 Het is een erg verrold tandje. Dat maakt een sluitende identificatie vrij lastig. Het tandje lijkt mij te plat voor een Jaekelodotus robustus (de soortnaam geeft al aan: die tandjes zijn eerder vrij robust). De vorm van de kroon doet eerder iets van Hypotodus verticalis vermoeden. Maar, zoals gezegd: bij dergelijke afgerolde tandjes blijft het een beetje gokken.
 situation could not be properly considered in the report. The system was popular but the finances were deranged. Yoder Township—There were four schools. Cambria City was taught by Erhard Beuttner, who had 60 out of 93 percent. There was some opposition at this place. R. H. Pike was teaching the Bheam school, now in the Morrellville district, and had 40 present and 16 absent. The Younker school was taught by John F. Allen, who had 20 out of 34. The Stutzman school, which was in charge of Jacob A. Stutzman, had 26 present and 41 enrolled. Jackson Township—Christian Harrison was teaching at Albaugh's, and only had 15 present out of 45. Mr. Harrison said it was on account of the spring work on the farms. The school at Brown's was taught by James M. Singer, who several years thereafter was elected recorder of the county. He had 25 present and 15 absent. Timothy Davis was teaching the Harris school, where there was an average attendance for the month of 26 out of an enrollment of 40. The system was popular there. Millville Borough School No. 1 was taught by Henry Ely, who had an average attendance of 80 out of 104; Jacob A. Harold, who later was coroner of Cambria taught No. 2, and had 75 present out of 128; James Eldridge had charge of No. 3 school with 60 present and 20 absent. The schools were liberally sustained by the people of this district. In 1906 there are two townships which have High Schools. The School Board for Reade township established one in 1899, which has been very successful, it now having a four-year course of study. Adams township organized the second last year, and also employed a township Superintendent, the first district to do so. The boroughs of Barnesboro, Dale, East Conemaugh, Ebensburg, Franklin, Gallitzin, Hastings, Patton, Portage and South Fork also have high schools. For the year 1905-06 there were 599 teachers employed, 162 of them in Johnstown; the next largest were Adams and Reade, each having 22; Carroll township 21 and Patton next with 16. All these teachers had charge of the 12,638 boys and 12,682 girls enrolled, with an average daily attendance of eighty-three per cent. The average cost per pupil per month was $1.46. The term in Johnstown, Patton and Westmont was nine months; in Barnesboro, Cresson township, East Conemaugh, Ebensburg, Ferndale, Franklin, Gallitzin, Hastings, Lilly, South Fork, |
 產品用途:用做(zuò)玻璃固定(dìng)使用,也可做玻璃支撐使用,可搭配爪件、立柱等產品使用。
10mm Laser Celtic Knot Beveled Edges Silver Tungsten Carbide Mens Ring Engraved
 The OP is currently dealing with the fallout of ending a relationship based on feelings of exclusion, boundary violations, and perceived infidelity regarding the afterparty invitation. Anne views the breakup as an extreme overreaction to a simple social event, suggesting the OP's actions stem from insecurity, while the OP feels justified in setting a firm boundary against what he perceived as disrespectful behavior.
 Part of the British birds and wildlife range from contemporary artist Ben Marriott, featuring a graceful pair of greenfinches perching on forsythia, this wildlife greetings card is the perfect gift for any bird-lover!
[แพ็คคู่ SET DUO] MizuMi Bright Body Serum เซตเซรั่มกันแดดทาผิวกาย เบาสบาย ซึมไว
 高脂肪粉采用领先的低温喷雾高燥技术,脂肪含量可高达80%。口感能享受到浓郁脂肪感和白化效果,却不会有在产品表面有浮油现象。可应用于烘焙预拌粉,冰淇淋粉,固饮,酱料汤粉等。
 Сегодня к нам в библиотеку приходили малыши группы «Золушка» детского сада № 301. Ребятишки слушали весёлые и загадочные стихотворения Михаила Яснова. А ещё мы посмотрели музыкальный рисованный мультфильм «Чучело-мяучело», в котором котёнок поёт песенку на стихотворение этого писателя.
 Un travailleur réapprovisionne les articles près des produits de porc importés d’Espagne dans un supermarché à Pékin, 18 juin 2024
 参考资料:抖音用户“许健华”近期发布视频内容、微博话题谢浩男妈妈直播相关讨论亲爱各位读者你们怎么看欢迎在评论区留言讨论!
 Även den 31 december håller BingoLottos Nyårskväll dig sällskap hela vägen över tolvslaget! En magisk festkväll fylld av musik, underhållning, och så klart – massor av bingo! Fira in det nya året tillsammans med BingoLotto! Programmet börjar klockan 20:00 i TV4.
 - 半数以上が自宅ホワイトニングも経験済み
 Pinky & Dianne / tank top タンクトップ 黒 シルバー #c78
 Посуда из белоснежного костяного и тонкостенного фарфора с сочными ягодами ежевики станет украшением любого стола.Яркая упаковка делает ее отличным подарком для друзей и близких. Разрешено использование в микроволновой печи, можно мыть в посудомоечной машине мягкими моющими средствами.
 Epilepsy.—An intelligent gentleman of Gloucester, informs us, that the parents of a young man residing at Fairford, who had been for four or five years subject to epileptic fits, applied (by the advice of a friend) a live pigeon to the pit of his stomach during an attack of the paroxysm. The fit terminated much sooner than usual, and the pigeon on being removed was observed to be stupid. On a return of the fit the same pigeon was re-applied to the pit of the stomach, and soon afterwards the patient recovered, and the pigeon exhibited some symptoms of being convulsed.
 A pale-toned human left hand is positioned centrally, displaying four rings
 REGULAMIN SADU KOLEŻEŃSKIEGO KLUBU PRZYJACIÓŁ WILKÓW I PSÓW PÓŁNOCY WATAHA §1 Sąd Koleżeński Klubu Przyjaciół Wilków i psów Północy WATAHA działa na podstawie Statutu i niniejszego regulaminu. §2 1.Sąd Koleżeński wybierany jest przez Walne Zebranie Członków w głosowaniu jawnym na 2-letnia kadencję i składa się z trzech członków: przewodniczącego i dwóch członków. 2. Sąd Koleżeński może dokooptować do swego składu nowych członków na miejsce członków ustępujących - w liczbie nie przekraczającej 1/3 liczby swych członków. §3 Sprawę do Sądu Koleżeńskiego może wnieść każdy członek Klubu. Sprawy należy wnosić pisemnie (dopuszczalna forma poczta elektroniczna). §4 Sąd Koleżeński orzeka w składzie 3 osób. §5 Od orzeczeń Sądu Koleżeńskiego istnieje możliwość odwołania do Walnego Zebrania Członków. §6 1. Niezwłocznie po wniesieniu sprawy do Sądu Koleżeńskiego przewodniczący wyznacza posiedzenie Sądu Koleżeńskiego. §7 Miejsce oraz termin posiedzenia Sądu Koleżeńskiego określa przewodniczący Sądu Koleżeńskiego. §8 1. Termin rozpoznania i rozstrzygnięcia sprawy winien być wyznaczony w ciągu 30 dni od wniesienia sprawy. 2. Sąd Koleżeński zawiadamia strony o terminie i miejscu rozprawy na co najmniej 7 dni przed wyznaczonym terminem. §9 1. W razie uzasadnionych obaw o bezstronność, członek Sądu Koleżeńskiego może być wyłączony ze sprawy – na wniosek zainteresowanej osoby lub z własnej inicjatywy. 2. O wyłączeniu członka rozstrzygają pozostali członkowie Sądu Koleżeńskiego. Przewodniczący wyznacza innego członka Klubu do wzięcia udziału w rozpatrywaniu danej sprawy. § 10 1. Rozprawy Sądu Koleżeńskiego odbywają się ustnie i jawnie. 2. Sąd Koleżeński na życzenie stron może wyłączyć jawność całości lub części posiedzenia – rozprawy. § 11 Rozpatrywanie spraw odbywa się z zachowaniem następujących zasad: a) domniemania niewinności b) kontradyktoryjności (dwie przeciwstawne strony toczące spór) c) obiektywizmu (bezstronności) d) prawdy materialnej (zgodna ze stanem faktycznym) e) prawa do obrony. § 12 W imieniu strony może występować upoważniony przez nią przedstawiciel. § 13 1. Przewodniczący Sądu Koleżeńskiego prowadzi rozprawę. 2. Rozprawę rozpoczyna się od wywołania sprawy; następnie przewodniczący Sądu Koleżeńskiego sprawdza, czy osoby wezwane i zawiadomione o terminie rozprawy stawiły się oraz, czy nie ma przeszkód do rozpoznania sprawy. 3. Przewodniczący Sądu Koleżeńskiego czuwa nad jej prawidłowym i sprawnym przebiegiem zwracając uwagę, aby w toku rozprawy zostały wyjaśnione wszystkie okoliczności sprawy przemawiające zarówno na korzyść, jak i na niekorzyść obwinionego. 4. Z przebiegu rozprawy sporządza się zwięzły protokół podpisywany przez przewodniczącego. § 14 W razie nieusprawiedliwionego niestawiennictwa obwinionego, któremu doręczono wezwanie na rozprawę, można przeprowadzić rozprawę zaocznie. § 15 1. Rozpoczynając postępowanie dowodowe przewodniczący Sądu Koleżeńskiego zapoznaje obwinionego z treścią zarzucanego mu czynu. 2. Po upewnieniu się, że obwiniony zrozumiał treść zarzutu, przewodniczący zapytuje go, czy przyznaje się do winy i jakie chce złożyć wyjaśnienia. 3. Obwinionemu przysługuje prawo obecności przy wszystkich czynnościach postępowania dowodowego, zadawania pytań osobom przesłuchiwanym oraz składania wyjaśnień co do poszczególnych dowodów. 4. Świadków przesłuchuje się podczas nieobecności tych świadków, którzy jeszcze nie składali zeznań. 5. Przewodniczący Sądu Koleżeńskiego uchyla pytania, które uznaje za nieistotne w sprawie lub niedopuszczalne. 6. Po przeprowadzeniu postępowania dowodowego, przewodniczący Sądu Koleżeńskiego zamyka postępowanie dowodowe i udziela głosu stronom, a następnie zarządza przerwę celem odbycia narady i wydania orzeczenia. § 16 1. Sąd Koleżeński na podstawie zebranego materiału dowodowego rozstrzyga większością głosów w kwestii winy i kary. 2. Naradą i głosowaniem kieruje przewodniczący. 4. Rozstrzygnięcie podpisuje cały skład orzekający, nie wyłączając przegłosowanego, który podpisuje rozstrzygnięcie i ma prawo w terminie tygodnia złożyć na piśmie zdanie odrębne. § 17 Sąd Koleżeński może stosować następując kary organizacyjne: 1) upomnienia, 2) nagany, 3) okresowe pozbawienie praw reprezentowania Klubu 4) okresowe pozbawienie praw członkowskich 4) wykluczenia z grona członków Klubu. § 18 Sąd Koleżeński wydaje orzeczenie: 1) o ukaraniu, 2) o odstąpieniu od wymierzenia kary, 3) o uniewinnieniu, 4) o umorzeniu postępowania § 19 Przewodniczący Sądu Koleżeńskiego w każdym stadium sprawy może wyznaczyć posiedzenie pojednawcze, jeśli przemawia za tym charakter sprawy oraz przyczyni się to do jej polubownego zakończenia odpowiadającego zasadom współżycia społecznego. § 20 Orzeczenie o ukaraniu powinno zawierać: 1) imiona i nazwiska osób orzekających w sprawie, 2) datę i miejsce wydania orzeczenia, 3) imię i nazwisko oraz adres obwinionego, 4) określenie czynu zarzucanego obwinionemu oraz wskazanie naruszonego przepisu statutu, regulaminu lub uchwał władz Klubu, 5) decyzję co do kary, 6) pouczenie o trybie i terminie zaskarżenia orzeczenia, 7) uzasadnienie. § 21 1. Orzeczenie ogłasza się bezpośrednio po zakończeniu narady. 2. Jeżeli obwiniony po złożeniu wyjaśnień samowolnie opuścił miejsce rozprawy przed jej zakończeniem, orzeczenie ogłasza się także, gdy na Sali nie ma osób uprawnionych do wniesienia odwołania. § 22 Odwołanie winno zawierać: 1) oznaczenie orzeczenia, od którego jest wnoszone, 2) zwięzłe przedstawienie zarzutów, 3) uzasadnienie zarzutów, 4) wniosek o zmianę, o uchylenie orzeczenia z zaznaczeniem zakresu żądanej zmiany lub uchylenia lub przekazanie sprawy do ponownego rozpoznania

—————

What to produce: Check every line above for the string "from", and copy the ones that have it.

Exercise result:
 The OP is currently dealing with the fallout of ending a relationship based on feelings of exclusion, boundary violations, and perceived infidelity regarding the afterparty invitation. Anne views the breakup as an extreme overreaction to a simple social event, suggesting the OP's actions stem from insecurity, while the OP feels justified in setting a firm boundary against what he perceived as disrespectful behavior.
 Part of the British birds and wildlife range from contemporary artist Ben Marriott, featuring a graceful pair of greenfinches perching on forsythia, this wildlife greetings card is the perfect gift for any bird-lover!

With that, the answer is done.